Young isn’t the first to denounce digital and acclaim analog. Legions of self-proclaimed audiophiles have lamented the loss of vinyl LPs since digital CDs first appeared in the 1970s. Likewise, legions of people who grew up talking for hours on old-fashioned analog telephones hate talking on digital cellphones now. For decades, there has been a deep-set conflict between those who claim analog has some ineffable “presence” missing in digital versus those with technical know-how who can explain how analog and digital actually work. In essence, the producers of digital tech claim it is flawless, while the most sensitive consumers claim it is awful. They can’t both be right.

There is a truism that technology often fails to live up to its promise. But utterly failing at its central task is something else. Car buyers don’t claim cars fail to move and shoe wearers don’t claim shoes cut their feet. Yet consumers and especially producers of the most spiritual and emotional human communication — music — routinely say digitization destroys emotion. For those to whom emotion matters, this problem is bigger than cars or shoes. Science needs to get emotion right, and sound is in the way.

What Ordinary People Say

Since we’re talking about everybody’s emotions, not just Neil Young’s, let’s look at the spectrum of reaction to his interview. About half of commenters agreed with him, often saying lyrical things like, “In analog music, you can hear ‘subtle differences,’ so voices and instruments ‘sound more natural,’ even ‘glorious,’ with more ‘color,  ‘depth,’ and ‘beauty.’” Other readers wrote, “Just because one cannot hear or discern the missing info doesn’t mean it does not exist and that poor “audio quality leads to ‘listener fatigue.’”

The anti-Neil Young comments don’t sound as much like music appreciation. Rather, they have the snide sound of an annoying know-it-all engineer. To wit: “Digital recordings are better and hold more information,” “Fidelity on a basic CD is ‘altogether superior’ to any vinyl LP,” and the “Nyquist theorem proves that analog information is perfectly preserved in digital form, and naysayers ‘disagree with math and science.’”

While such comments can be annoying, they do invoke a kind of truth sacred to technologists: Certain kinds of math and science are objectively true. You can’t ignore physics and stay intellectually legitimate. 

Of course, if you invoke the wrong law of physics, your ideas might be useless, or worse. In the case of sound and sound reproduction, there are two laws of nature at work, the first of which is the Nyquist Theorem mentioned above. 

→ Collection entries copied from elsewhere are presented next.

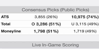 ** Betting Trend percentages are provided by iOdds, and are current as of Sunday 12:00AM EST **
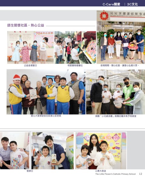 C-Care關愛 3C文化 師生關懷社區,熱心公益 公益金便服日 明愛賣物會攤位 疫情期間,關心社區,讓愛心弘揚大眾。 愛心大使探訪安白田潔心安老院 捐贈「小花綠游園」飼養的羅非魚予惜食堂 敬師日 心意大放送 The Little Flower’s Catholic Primary School 12
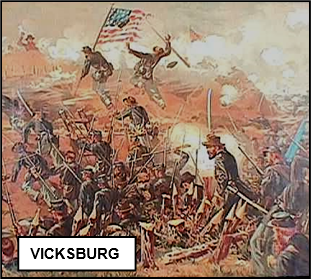 xxxxxThe Confederate army won The First Battle of Bull Run in June 1861 (Va), and gained a further victory at the Second Battle of Bull Run in August 1862. An attempt the following month to seize the Union capital, Washington, ended in a defeat for the Southerners at the Battle of Antietam, but they gained another major victory at the Battle of Fredericksburg before the winter set in. Meanwhile in the west the Union forces proved much more successful under General Ulysses Grant. They seized Confederate strongholds in Tennessee, and won the Battle of Shiloh in April 1862. By June, Memphis, Corinth and New Orleans had been taken, and Grant’s victory at the Battle of Vicksburg meant that the Confederation had been split down the middle, north to south. The resumption of fighting in the east in April 1863 led to a Unionist defeat at the Battle of Chancellorsville, Virginia, but, as we shall see, the Unionists were to win a decisive victory at the Battle of Gettysburg in Pennsylvania in July 1863. The War at Sea centred around the Union blockade of southern ports, and this proved generally successful. The major event of the conflict was the battle between the two warships, the Unionist Monitor and the Confederate Virginia, in January 1862. It proved inconclusive, but it was the first naval battle to be fought between ironclads.
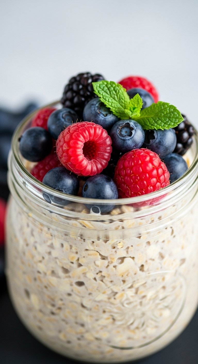 This is the perfect base when you want to scale up. Make a big bowl of neutral oats and customize jars throughout the week. It solves the “what to eat” problem in seconds.
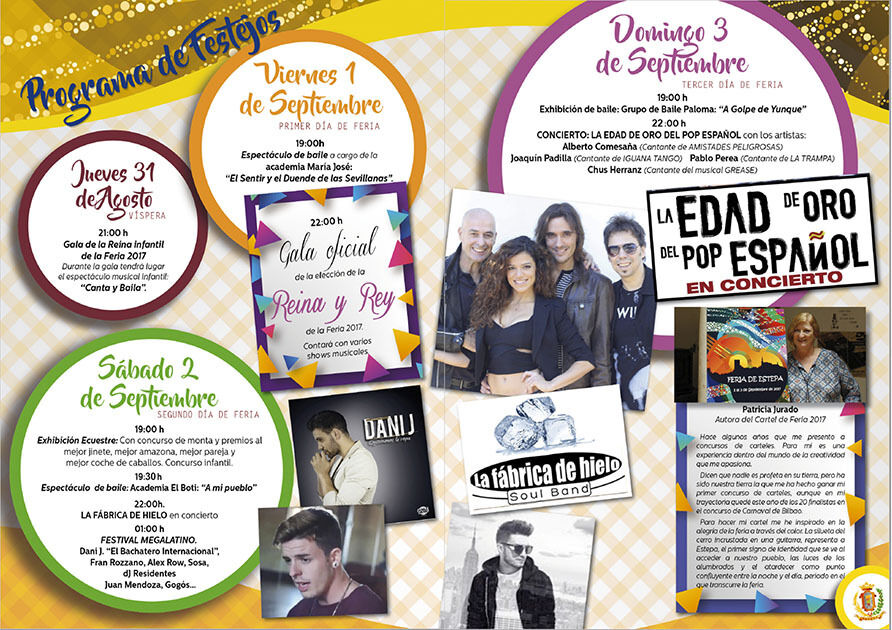 La delegada de Festejos del Ayuntamiento de Estepa ha presentado hoy ante los medios de comunicación el programa de actos y espectáculos de la próxima Feria de Estepa. La feria que tendrá lugar el primer fin de semana de septiembre, contará con la actuación del espectáculo FESTIVAL MEGALATINO para el sábado de feria y del espectáculo LA EDAD DE ORO DEL POP ESPAÑOL para el domingo de Feria. Se contará igualmente con las galas de elección de la Reina y Rey de la Feria 2017, así como su versión infantil. Se recupera la tradición de los espectáculos de Sevillanas con la actuación de las diferentes academias de Estepa, El Boti, Paloma Borrego y María José.
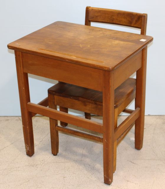 Small child's desk with chair. Desk measures, 24"w x 18"d x 27"h. Chair is 16"w x 15 1/2"d x 29 1/2"h. Seat is 16"h. Small child's desk with chair. Desk measures, 24"w x 18"d x 27"h. Chair is 16"w x 15 1/2"d x 29 1/2"h. Seat is 16"h.
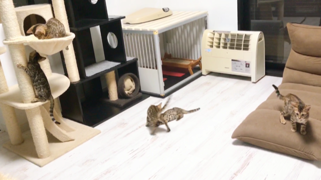 昼間はとても静かな子猫部屋も、朝晩はとても賑やかです♪
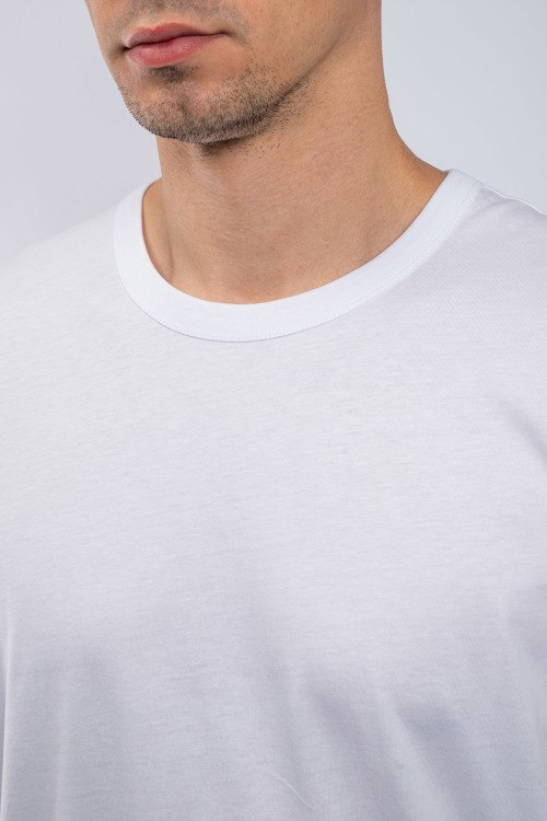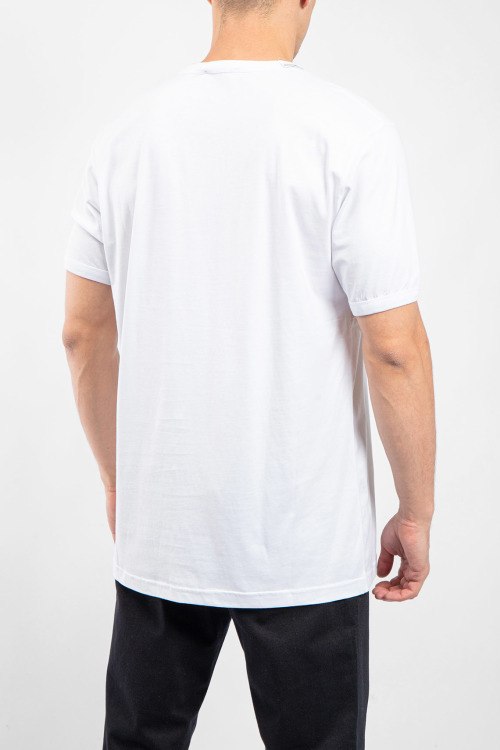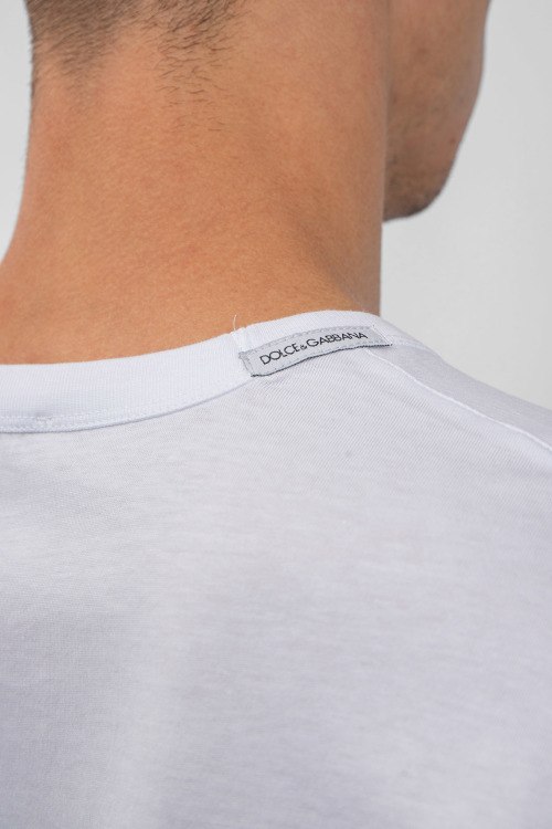 Мужская белая хлопковая футболка от Dolce & Gabbana (Дольче энд Габбана). Круглый вырез горловины с нашивкой логотипа, короткий рукав, удлиненная длина.
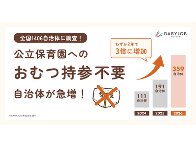 保育施設向け紙おむつとおしりふきのサブスク「手ぶら登園」など、子育て支援サービスを展開するBABY JOB株式会社(本社:大阪府大阪市、代表取締役 上野公嗣)は、全国の公立保育施設がある1,406の市区町村の保育課を対象に、「第3回 おむつ持参に関する全国調査」を実施いたしました。
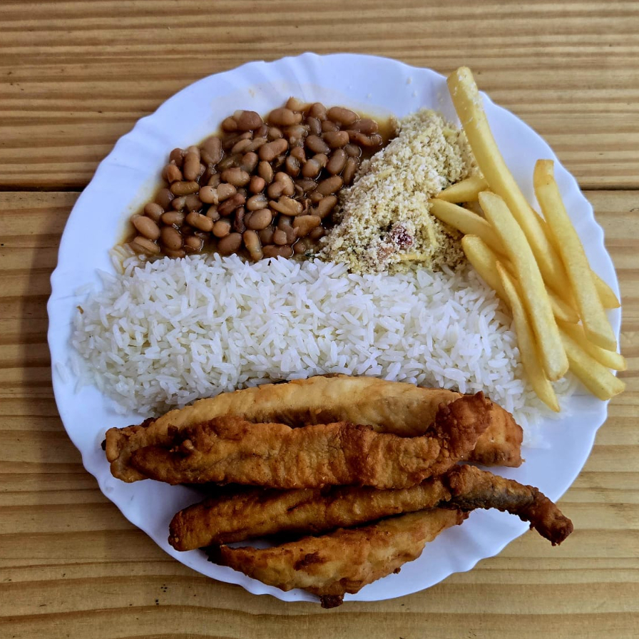 Deliciso filé de tilápia, arroz branco, feijão fresquinho e batata frita! O prato mais famoso da casa . Acompanha Coca-Cola 350ml.
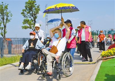10月4日,龙岩爱心公益、龙岩义工、紫金山体育公园和龙岩希望之家联合举办“秋之韵”助脊髓损伤轮友赏菊公益活动,为来自新罗及周边共40余位轮友全程协助赏菊游览。图为烈日下轮友为志愿者撑伞遮荫的温馨场景。
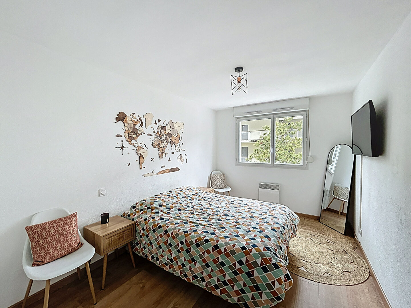 L'appartement dispose de deux chambres, toutes deux dotées de placards, ainsi que d'une salle de bains et de WC séparés. La résidence, construite en 2006, est agréable et bien tenue. Le chauffage individuel électrique permet de gérer sa consommation en toute autonomie, et les charges s'élèvent à 120 € par mois.
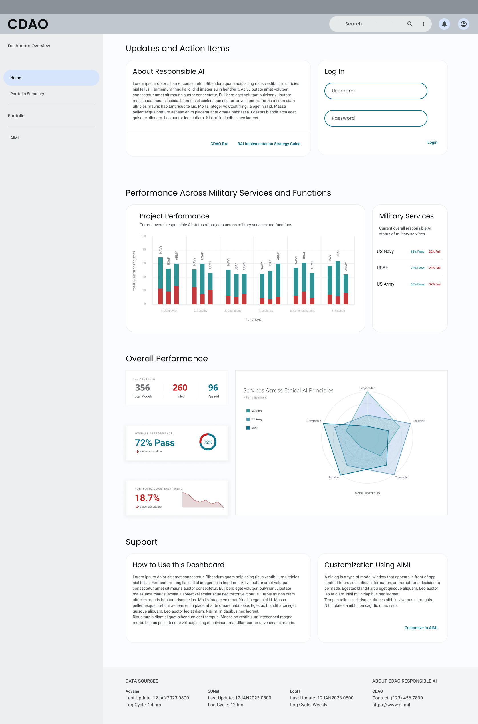 Design an enterprise platform for senior leaders across the military to track and understand the performance of their AI projects in accordance with the DoD's Responsible AI guidance
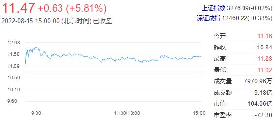 重要资讯:沪深交易所2022年08月15日公布的交易公开信息显示,国新健康因成为连续三个交易日内收盘价格涨幅偏离值累计20%上榜。国新健康当日收报11.47元,涨跌幅5.81%,换手率8.87%,成交额9.18亿元。异常期间08月11日至08月15日,期间涨幅28.16%,累计偏离值26.48%,区间成交额16.92亿元。
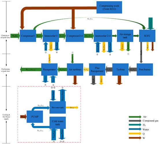 The working process of the integrated system used for this work can be seen in Figure 1. Firstly, it is assumed that the SOFC-MGT system consistently operates as the base load. In case of peak load, the compressors utilize surplus electricity generated from renewable sources to compress air into the storage tank in the charging mode. The intercooling heat exchangers transfer the heat to a hot water tank.
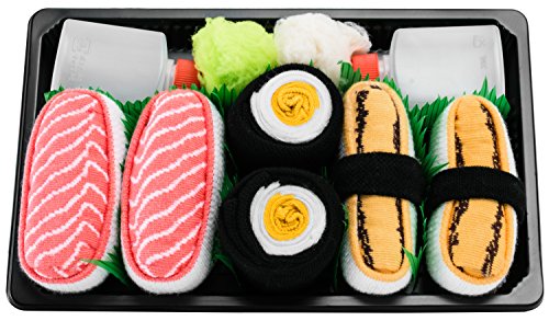 CALZINI UNICI E STRAORDINARI -- I sushi socks sono gli unici in tutto il mondo. L'idea per i calzini che sembrano e che sono pacchieggiati come i sushi veri è stata nata parecchi anni fa nei testi dei giovani creativi che amano i sushi. Ogni calzino viene deposito in modo appropriato cosi come sembra questa delicatezza giapponesa. Se cerchi degli unici calzini, questi per te. I fan di sushi di calzini comici uniamoci!
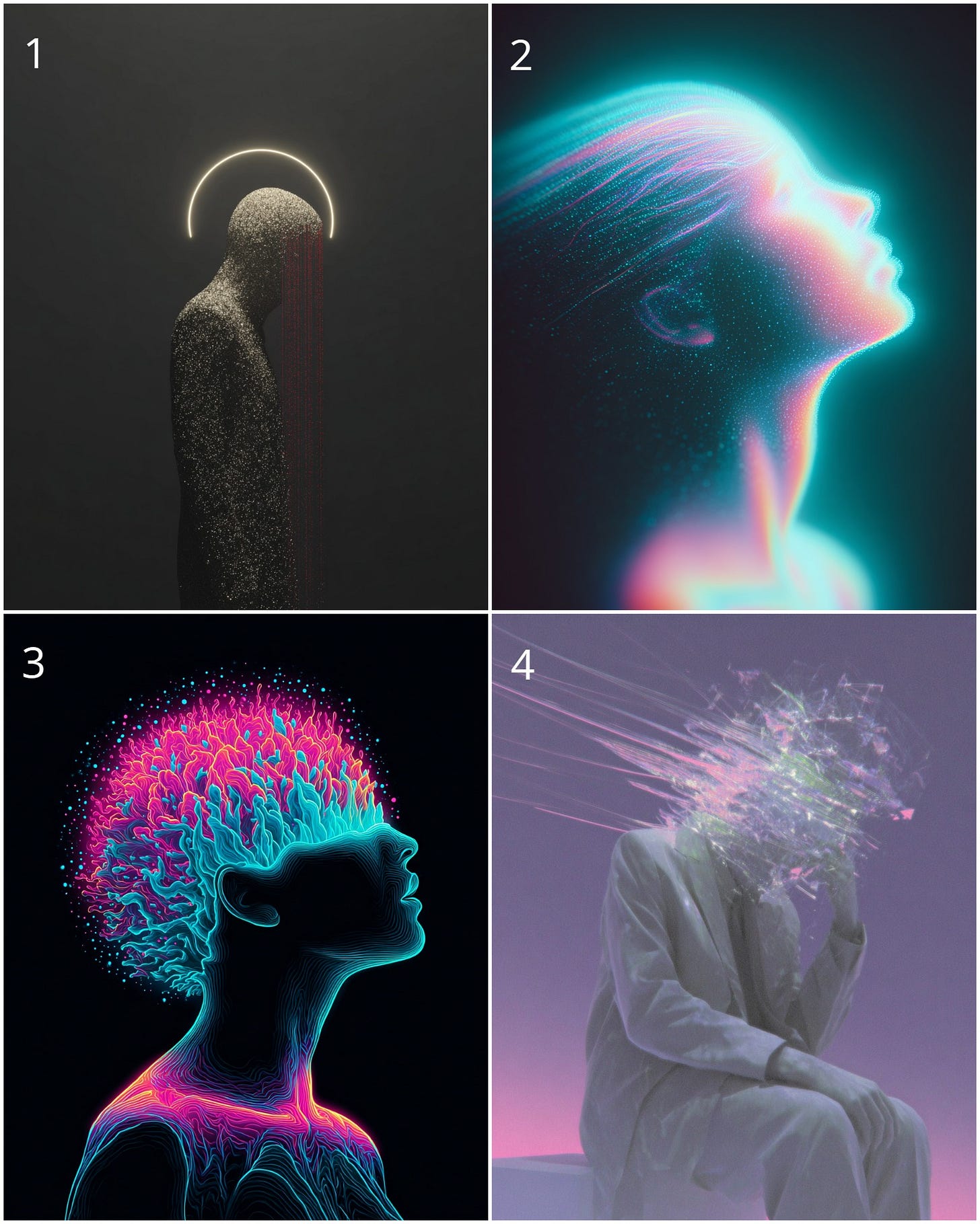 I’m starting a new series on X: AI art inspired by mental disorder names. Here are the prompts for the 4 images below 👇
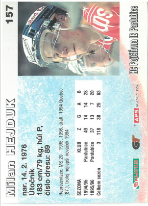 1996-97 APS Milan Hejduk HC Pojišťovna Pardubice č. 157
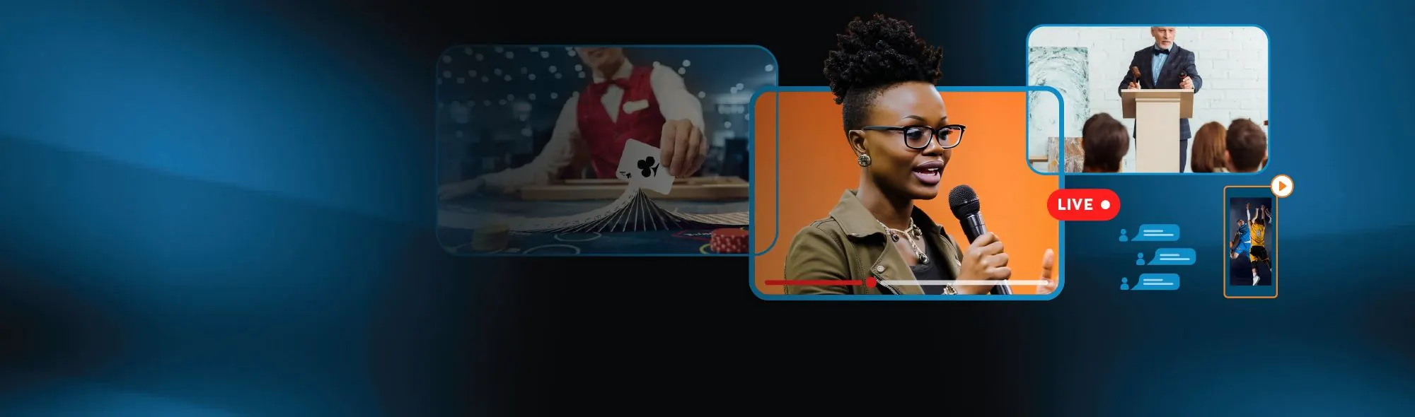 Reach your global audience with real-time video that’s fast, reliable, and fully under your brand. We combine over 25 years of expertise in advanced video technology with a flexible self-service platform — so you can start streaming instantly, with the tools you need for control, insight, and growth.
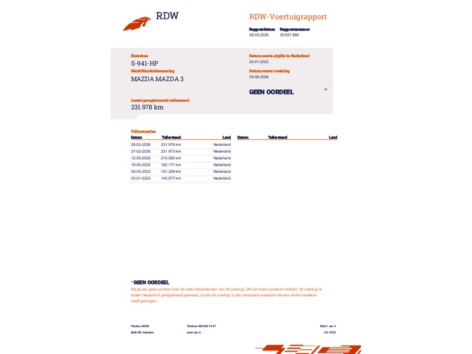 De 3 heeft een topsnelheid van 185 km per uur en bereikt vanuit stilstand de 100 km/u in 11 seconden. Het verbruik van deze personenauto is gemiddeld 7,2 liter per 100 km en hij weegt 1140 kg. De APK is geldig tot 30-06-2026 en de wegenbelasting bedraagt gemiddeld € 149,- per kwartaal.
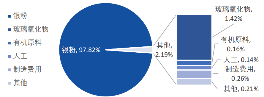 光伏銀漿是制作光伏電池片電極的關鍵材料,是光伏電池片的第一大輔材,同時也是除硅片外,成本占比第二大的光伏材料。
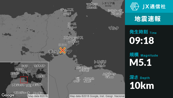 | 震源地 | チュニジアのAl Mazzunahから南南西26kmの地点 |
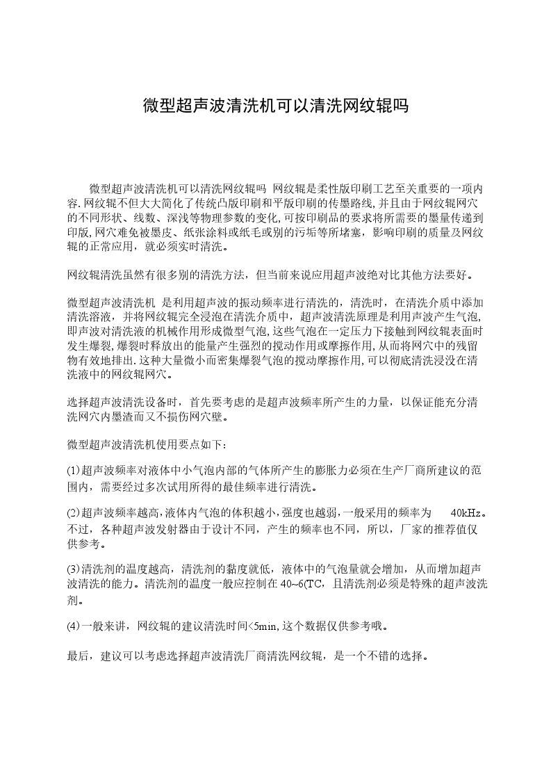 微型超声波清洗机可以清洗网纹辊吗 网纹辊是柔性版印刷工艺至关重要的一项内容.网纹辊不但大大简化了传统凸版印刷和平版印刷的传墨路线,并且由于网纹辊网穴的不同形状、线数、深浅等物理参数的变化,可按印刷品的要求将所需要的墨量传递到印版,网穴难免被墨皮、纸张涂料或纸毛或别的污垢等所堵塞,影响印刷的质量及网纹辊的正常应用,就必须实时清洗。
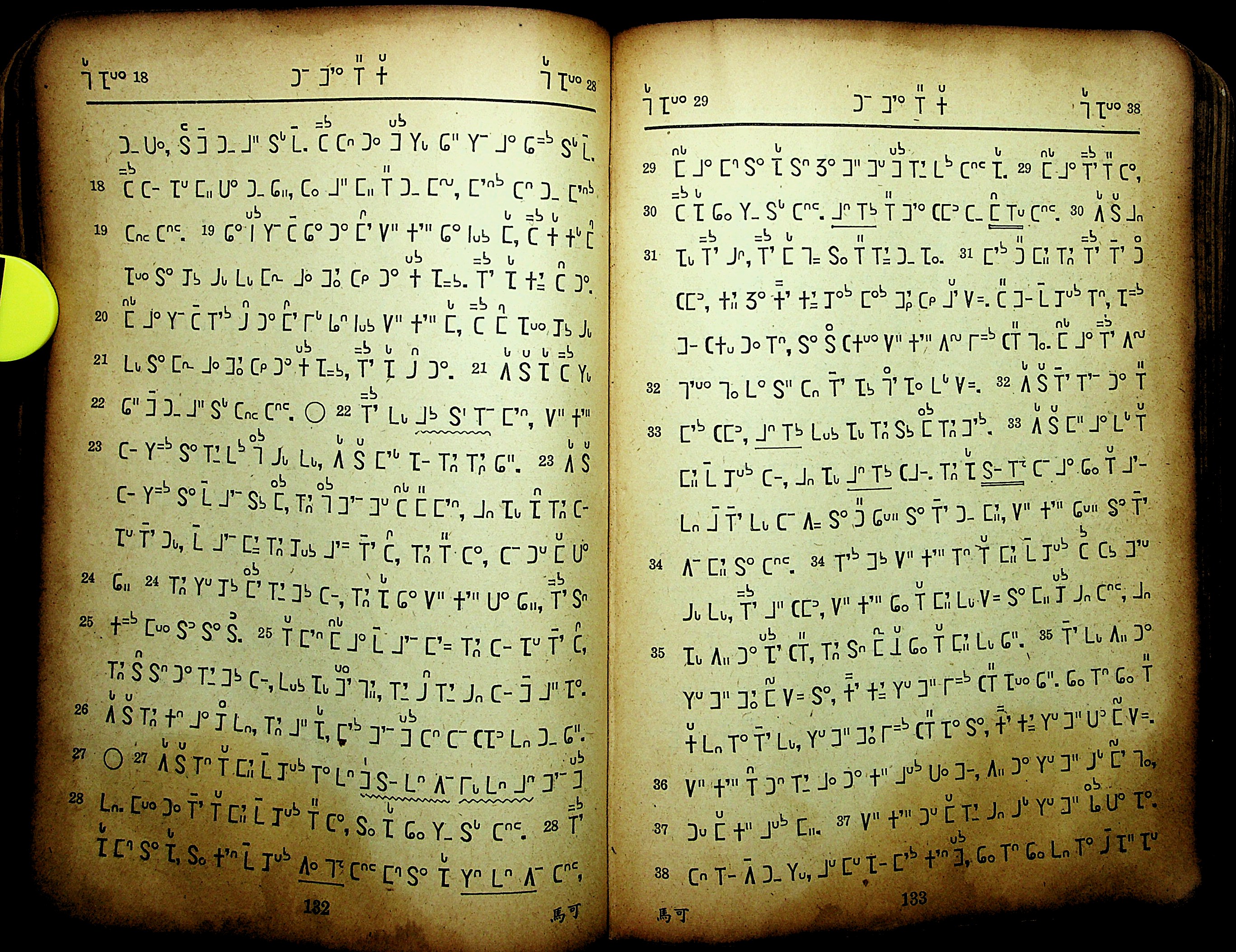 1948年黑彝新約全書 馬可福音 8 章 18 節到 8 章 38 節

Overall, the comments cluster into complementary philosophies, which might be called theory vs. experiment.” They raise the deepest issues possible pertaining to interpreting reality: How much should we trust the laws of nature versus how much should we trust our own sensory experience? Of course, people who notice differences in sonic texture will say so, as the reader comments above refer to the experiential data of  “color,” “depth” and such. But other people, those who know certain laws of physics always apply, will assert the primacy of natural law bluntly, as one might assert the self-evidence of 2+2=4.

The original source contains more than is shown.